Last week, U of I’s Department of Landscape Architecture hosted a three-day charrette competition to re-imagine how campus might look over the next 50 years.
Internationally recognized designers and U of I landscape architecture graduate students worked in teams to create design solutions that address anticipated technological and environmental changes over the next few decades. Teams started work on a Sunday evening and presented their ideas on Tuesday afternoon. According to Landscape Architecture Department Head William Sullivan, the fast turnaround and competitive atmosphere of a charrette — an intense period of design planning—is a popular format for solving complex problems in the discipline of landscape architecture.
This charrette responded to the U of I’s upcoming sesquicentennial anniversary and what Sullivan said are the enormous and inevitable changes for outdoor spaces in the next 50 years.
“Over the next 50 years,” said Sullivan, “one big change is that we can expect to see autonomously driven vehicles on the roads. These would be cars without wheels that are driven by apps. They would be much safer to drive and also perhaps part of the sharing economy—if that were the case, individual drivers wouldn’t have to park or maintain their vehicles. Those changes in car technology would affect how we think about the design of public spaces. Some designers think that in 30 or 40 years, we may need 95% fewer parking spaces on campuses like U of I than we have right now. That opens up huge possibilities for the campus. We could imagine a campus with no parking garages or surface parking lots. Those spaces could instead be used for buildings and green infrastructure. We could increase biodiversity and have a significantly healthier campus landscape.”
According to Sullivan, landscape architecture is an interdisciplinary field that designs public spaces for people while taking into account changes in technology as well as environmental concerns.
“Landscape architecture is the discipline that works with natural systems to create healthy and interesting places for people at a variety of scales,” said Sullivan. “We work on everything from parks, campuses, to entire regions—everything from urban design to garden design. That means we span a huge scale. We create outdoor places that design for transportation, social interactions, and commerce. We figure out how water should move through urban areas, we address housing and school designs, and we plan livable and walkable communities. A growing trend in our discipline is to create healthy environments in which people have social experiences. We want to inspire people to be outdoors. At the same time, we work to design spaces that increase the amount biodiversity in an area.”
This interdisciplinary work requires keeping abreast of changes in engineering, applied health sciences, and digital technology. “One of the great privileges of being a faculty member at the U of I is having world-class colleagues,” said Sullivan. “We are constantly learning, and we have great people to learn from.”

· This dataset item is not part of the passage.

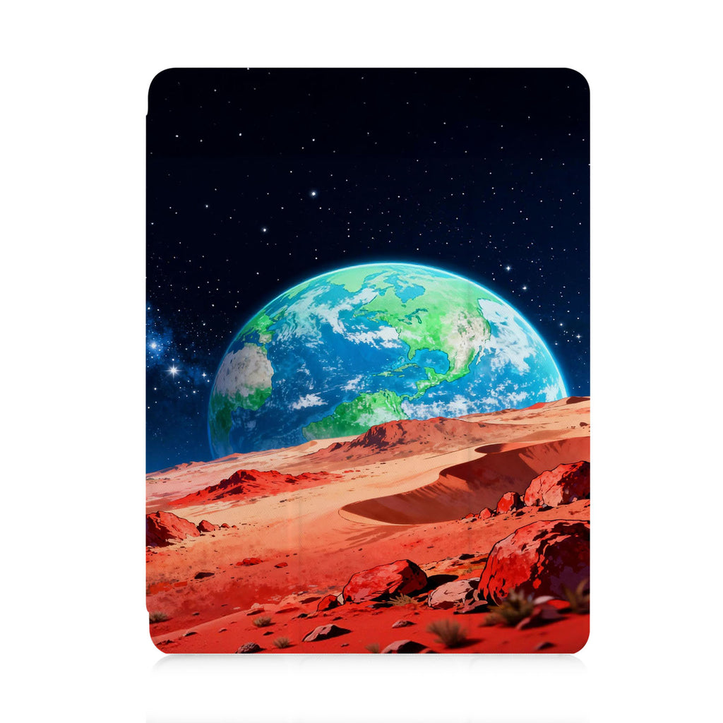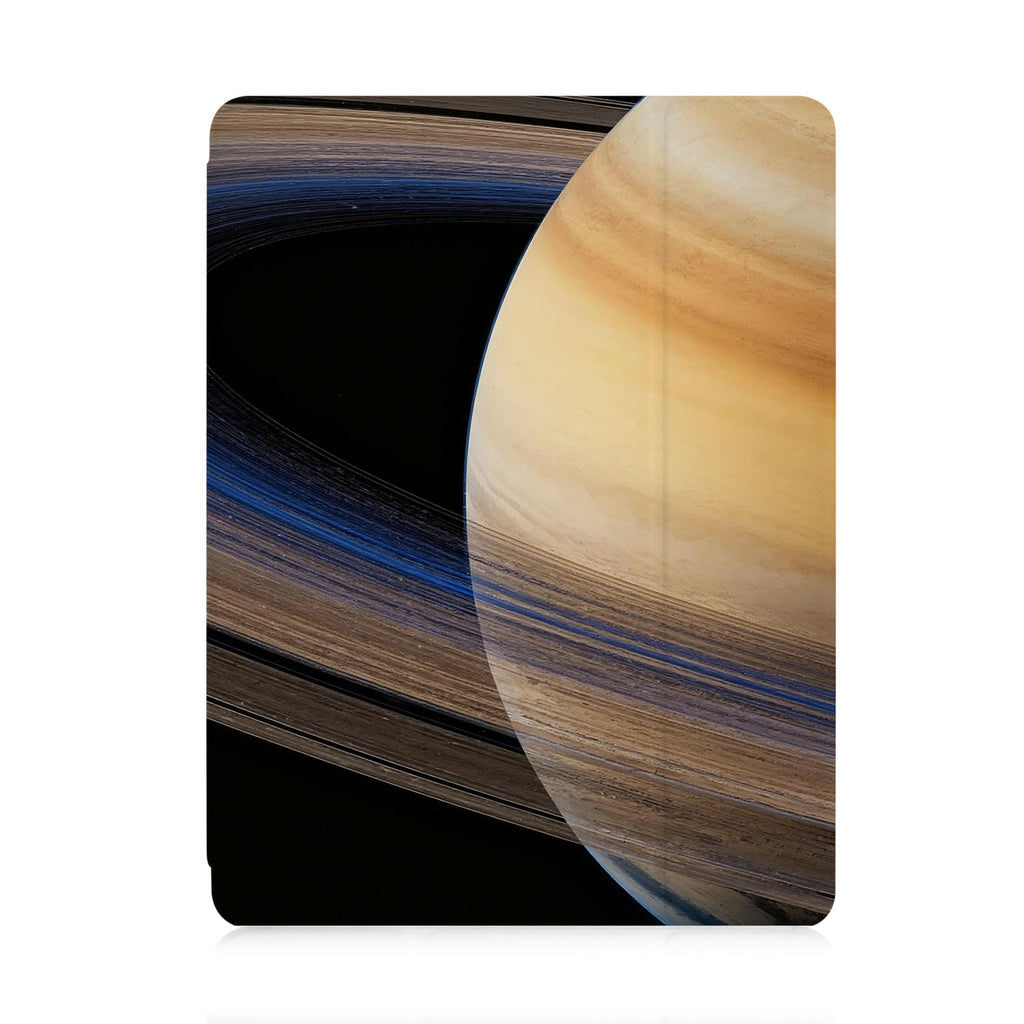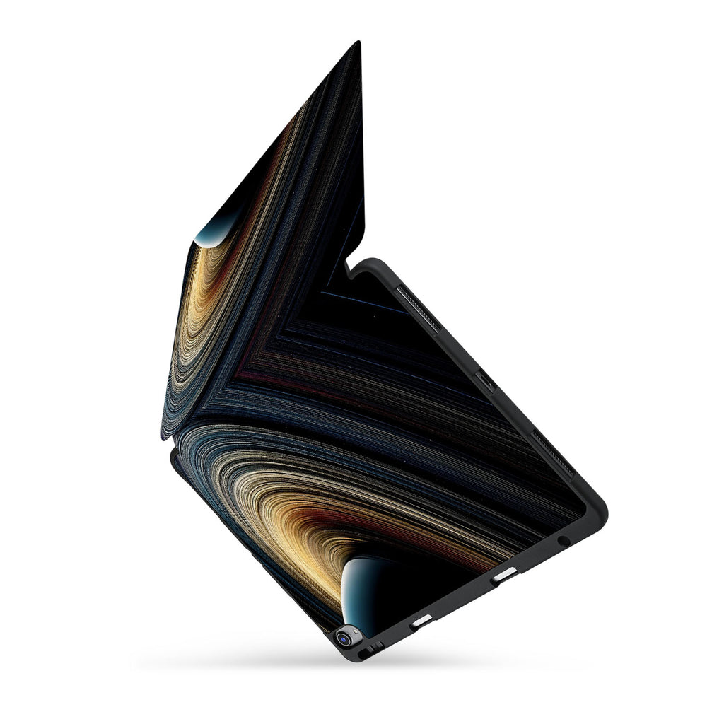 front back and stand view of personalized iPad case with pencil holder and Universe design - swap

At last week’s charrette, designers worked on issues such as how to reclaim the spaces taken up by wide streets and how to transform current parking areas into green infrastructure.
“One team suggested moving Research Park to the north part of campus,” said Sullivan. “They envisioned connecting Research Park, campus, and downtown Champaign with a light rail that would extend from Chicago to St. Louis. That would be a catalyst for development in the area.”
Another team examined how changes to the landscape around the south quad could create a more social space, and several teams considered how to capture and use solar energy on campus.
Design teams from last week’s competition
Sullivan’s own hope is that in 50 years, campus will use rainwater differently.
“We’ve designed our campus around the notion that we have to get rid of rainwater,” said Sullivan. “We even call it ‘stormwater’—when you hear that word, you want to get rid of it. Some of us have been saying that we need to change our language and orientation toward rainwater in this community. It’s a precious resource. As soon as you start conceiving of it in that way, you begin thinking about how to create landscapes that would slow rainwater down and let it permeate into the soil, rather than about how to get rid of it. Slowing rainwater down brings about all sorts of beneficial things: biodiversity, new habitats, and spaces where people might be together and find moments of tranquility and peace.”
Sullivan said he sees new possibilities for rainwater in his campus parking lot every day.
“The parking lot near my office was built in the early 2000s,” he said. “It slopes downward, draining water into pipes in the ground, and takes it away from campus. The water goes into rivers that discharge into the Mississippi and eventually the Gulf of Mexico. So the pollutants from our parking lots end up in the Gulf of Mexico. We can design better than that. We can create a healthy groundwater system here. There would be a huge impact on campus and C-U if we treated rain as a resource and redesigned the way we deal with water.”
Sullivan’s work and the proposals from last week’s charrette will help to set the course for what the U of I campus will look like in future generations.